What is needed:
Below are some records. Return exactly the lines from the one containing "Отзывы о Мужская" through the one containing "want to highlight.", both included, and only those.

[Task inputs Boundary: Start]

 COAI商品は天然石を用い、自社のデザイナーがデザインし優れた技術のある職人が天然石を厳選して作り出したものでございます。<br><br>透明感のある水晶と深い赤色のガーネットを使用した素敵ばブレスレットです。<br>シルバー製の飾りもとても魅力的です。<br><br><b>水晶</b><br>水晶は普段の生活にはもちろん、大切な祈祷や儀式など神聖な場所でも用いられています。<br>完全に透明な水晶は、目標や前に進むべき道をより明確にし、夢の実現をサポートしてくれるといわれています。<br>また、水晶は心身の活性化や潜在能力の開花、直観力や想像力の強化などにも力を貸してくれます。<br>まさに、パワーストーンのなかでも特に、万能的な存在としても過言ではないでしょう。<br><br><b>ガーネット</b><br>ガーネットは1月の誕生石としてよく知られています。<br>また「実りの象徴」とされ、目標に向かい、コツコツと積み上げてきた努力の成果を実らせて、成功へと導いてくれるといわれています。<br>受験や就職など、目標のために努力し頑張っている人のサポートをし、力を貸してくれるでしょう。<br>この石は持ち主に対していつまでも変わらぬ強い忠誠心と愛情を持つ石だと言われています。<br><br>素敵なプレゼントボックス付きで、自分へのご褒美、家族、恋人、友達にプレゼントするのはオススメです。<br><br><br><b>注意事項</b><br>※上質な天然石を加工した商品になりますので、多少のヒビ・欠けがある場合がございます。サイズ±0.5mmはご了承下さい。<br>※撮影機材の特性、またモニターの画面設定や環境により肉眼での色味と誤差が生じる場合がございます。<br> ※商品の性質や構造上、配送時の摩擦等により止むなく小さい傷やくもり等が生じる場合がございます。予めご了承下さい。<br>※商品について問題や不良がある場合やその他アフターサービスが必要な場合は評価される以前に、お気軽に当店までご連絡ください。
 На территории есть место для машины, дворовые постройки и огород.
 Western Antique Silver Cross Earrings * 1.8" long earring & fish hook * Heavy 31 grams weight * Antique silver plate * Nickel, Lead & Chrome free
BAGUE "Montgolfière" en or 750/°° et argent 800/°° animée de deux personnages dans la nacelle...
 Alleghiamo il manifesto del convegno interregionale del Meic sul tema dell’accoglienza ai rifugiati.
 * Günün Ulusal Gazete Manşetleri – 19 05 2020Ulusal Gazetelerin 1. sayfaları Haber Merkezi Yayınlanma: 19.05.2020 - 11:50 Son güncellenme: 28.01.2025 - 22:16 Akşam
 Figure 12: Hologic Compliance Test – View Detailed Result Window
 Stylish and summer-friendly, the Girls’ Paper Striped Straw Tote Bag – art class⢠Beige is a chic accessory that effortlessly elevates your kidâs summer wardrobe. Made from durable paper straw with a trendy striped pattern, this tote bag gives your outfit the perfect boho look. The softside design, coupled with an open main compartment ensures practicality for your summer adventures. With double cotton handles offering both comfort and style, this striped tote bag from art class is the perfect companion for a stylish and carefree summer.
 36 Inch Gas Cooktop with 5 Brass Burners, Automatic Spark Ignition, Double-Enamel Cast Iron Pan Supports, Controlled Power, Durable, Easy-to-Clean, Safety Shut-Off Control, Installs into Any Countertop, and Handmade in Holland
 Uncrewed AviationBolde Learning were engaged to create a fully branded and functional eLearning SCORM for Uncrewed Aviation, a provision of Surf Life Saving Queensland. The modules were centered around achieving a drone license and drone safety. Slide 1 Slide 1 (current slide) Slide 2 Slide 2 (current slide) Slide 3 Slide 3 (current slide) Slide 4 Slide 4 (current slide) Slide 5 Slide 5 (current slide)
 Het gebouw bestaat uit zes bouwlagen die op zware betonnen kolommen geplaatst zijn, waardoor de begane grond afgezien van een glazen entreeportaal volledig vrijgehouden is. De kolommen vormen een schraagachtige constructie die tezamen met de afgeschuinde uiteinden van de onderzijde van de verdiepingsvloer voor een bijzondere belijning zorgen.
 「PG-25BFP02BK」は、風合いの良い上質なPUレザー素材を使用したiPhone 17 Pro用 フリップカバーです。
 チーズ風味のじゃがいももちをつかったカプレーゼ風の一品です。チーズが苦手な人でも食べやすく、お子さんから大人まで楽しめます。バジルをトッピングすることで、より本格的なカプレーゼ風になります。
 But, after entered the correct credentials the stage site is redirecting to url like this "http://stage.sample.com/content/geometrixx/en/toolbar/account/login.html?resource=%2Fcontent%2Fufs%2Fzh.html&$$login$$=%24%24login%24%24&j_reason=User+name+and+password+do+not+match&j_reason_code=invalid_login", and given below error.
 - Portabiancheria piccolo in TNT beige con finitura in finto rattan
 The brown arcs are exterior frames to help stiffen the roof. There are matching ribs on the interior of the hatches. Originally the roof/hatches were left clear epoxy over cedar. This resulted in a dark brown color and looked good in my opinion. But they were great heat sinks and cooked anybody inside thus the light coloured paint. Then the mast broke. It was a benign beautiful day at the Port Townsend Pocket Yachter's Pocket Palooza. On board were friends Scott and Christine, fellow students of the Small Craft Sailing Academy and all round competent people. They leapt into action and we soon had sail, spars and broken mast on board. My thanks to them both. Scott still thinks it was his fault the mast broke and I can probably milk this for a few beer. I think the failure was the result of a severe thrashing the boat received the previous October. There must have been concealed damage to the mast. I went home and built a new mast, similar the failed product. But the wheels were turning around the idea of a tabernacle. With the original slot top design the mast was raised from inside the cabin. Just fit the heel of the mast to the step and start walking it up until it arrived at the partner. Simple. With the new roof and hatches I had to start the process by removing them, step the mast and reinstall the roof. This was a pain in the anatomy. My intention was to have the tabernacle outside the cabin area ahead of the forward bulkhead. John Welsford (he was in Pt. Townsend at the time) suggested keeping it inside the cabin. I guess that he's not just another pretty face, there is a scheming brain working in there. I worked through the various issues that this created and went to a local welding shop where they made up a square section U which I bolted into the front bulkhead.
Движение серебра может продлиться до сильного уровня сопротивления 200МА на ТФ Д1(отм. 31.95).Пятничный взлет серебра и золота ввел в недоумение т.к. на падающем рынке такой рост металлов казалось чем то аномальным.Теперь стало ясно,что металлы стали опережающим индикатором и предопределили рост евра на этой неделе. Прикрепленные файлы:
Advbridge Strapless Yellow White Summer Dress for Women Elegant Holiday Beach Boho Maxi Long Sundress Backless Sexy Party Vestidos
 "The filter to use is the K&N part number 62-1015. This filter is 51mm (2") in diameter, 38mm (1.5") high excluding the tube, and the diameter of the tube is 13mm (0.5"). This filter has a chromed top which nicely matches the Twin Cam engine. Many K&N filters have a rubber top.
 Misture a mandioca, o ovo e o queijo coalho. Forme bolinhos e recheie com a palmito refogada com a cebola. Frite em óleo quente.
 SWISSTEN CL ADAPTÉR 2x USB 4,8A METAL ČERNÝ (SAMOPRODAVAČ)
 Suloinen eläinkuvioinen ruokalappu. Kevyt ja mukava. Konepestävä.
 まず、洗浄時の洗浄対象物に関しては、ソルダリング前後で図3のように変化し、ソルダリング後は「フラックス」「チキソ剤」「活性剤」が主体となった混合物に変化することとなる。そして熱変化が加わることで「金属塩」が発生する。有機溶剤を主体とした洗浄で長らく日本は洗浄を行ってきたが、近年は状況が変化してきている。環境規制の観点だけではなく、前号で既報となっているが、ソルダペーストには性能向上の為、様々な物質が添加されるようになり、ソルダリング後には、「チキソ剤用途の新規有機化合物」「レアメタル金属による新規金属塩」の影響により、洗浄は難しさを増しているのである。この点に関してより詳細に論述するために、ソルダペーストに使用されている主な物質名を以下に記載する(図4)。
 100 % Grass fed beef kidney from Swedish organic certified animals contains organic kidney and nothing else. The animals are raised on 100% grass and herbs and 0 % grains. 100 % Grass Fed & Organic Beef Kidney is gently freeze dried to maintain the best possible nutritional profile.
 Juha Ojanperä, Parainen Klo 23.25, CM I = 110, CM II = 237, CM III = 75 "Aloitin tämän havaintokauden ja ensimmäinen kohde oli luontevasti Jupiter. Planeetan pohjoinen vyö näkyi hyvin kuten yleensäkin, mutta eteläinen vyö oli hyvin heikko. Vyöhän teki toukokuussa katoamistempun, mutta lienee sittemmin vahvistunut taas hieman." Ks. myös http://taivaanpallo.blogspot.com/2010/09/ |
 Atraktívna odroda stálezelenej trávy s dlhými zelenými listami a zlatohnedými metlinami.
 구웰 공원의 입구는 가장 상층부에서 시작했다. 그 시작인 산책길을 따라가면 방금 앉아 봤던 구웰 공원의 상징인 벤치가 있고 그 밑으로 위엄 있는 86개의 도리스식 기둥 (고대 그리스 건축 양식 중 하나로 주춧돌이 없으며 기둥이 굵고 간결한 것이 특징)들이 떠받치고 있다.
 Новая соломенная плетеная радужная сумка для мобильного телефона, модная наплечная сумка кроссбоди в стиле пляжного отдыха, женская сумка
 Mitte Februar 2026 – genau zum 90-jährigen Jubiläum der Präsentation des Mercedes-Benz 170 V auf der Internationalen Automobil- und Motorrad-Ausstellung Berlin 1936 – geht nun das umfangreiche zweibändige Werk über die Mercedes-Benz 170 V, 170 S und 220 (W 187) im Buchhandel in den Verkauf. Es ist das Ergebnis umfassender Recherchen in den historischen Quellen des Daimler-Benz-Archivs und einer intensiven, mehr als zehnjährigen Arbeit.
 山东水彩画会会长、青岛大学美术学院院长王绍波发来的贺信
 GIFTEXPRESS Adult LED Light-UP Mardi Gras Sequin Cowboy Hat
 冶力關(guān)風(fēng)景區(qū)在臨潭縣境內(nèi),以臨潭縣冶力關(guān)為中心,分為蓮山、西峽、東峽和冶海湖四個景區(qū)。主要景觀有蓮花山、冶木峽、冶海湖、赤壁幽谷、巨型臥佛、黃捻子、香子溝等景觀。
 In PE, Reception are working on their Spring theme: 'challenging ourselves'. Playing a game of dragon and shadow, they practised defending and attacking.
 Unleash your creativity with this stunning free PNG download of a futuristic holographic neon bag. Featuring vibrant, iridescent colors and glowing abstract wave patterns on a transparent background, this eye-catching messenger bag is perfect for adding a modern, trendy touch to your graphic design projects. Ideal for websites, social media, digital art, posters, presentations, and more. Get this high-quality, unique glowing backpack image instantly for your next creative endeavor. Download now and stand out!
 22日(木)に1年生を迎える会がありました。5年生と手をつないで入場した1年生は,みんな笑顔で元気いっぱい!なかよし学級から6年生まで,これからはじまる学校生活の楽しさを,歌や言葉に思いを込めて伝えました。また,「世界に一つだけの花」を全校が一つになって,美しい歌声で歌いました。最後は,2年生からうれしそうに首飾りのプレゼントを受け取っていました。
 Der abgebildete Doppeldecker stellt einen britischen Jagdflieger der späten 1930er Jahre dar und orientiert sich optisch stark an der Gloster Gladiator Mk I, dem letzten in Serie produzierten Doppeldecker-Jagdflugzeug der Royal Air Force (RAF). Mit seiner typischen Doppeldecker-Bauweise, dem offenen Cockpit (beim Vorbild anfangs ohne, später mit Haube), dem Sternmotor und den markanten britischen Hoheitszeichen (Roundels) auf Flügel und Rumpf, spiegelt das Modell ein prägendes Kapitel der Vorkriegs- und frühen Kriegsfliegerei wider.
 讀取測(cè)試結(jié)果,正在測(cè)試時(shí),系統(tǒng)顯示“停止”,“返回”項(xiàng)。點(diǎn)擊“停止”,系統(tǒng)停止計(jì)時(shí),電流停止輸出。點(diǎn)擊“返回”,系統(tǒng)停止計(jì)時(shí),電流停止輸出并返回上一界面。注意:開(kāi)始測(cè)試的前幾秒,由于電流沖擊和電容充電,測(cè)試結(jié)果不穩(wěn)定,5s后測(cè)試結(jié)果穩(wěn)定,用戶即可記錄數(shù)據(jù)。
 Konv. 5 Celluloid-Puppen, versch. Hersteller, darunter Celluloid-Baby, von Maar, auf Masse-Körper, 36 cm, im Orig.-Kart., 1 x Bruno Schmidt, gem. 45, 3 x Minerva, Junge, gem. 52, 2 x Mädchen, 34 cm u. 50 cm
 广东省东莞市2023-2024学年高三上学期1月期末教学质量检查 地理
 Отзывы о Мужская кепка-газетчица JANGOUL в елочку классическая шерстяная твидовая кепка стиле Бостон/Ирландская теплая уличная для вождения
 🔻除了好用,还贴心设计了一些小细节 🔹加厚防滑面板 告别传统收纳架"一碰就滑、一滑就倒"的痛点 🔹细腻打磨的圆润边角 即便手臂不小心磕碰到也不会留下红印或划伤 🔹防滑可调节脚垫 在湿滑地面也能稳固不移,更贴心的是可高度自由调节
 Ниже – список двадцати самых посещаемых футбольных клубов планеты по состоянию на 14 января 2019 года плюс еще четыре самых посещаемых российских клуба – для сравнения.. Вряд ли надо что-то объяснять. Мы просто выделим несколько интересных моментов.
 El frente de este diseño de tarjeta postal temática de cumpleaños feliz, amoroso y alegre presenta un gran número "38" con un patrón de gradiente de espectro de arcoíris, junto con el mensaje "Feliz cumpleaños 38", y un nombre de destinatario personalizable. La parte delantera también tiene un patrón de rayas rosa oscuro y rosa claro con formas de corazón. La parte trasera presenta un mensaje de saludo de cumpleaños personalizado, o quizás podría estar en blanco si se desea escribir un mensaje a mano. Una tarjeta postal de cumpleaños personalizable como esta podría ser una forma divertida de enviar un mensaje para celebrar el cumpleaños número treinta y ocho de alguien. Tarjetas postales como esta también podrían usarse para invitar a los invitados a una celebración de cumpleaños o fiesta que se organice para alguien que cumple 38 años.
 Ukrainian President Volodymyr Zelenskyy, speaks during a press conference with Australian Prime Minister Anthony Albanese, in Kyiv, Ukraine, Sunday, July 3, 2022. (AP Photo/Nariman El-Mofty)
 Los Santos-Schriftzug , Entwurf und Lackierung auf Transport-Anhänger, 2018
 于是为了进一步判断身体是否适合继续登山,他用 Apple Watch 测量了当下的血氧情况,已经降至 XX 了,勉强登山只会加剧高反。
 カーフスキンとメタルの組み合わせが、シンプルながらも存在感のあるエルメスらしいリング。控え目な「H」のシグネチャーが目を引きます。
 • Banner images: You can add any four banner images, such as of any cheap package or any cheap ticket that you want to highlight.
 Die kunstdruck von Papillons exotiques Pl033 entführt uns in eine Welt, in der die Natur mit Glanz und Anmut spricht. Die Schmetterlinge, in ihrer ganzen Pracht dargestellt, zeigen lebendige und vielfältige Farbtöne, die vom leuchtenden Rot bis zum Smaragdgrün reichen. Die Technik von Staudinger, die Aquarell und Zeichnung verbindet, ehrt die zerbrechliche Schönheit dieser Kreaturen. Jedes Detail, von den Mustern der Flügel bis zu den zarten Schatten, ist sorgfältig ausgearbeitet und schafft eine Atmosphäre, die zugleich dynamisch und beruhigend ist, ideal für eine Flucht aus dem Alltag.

[Task inputs Boundary: End]

Response to the task:
 Отзывы о Мужская кепка-газетчица JANGOUL в елочку классическая шерстяная твидовая кепка стиле Бостон/Ирландская теплая уличная для вождения
 🔻除了好用,还贴心设计了一些小细节 🔹加厚防滑面板 告别传统收纳架"一碰就滑、一滑就倒"的痛点 🔹细腻打磨的圆润边角 即便手臂不小心磕碰到也不会留下红印或划伤 🔹防滑可调节脚垫 在湿滑地面也能稳固不移,更贴心的是可高度自由调节
 Ниже – список двадцати самых посещаемых футбольных клубов планеты по состоянию на 14 января 2019 года плюс еще четыре самых посещаемых российских клуба – для сравнения.. Вряд ли надо что-то объяснять. Мы просто выделим несколько интересных моментов.
 El frente de este diseño de tarjeta postal temática de cumpleaños feliz, amoroso y alegre presenta un gran número "38" con un patrón de gradiente de espectro de arcoíris, junto con el mensaje "Feliz cumpleaños 38", y un nombre de destinatario personalizable. La parte delantera también tiene un patrón de rayas rosa oscuro y rosa claro con formas de corazón. La parte trasera presenta un mensaje de saludo de cumpleaños personalizado, o quizás podría estar en blanco si se desea escribir un mensaje a mano. Una tarjeta postal de cumpleaños personalizable como esta podría ser una forma divertida de enviar un mensaje para celebrar el cumpleaños número treinta y ocho de alguien. Tarjetas postales como esta también podrían usarse para invitar a los invitados a una celebración de cumpleaños o fiesta que se organice para alguien que cumple 38 años.
 Ukrainian President Volodymyr Zelenskyy, speaks during a press conference with Australian Prime Minister Anthony Albanese, in Kyiv, Ukraine, Sunday, July 3, 2022. (AP Photo/Nariman El-Mofty)
 Los Santos-Schriftzug , Entwurf und Lackierung auf Transport-Anhänger, 2018
 于是为了进一步判断身体是否适合继续登山,他用 Apple Watch 测量了当下的血氧情况,已经降至 XX 了,勉强登山只会加剧高反。
 カーフスキンとメタルの組み合わせが、シンプルながらも存在感のあるエルメスらしいリング。控え目な「H」のシグネチャーが目を引きます。
 • Banner images: You can add any four banner images, such as of any cheap package or any cheap ticket that you want to highlight.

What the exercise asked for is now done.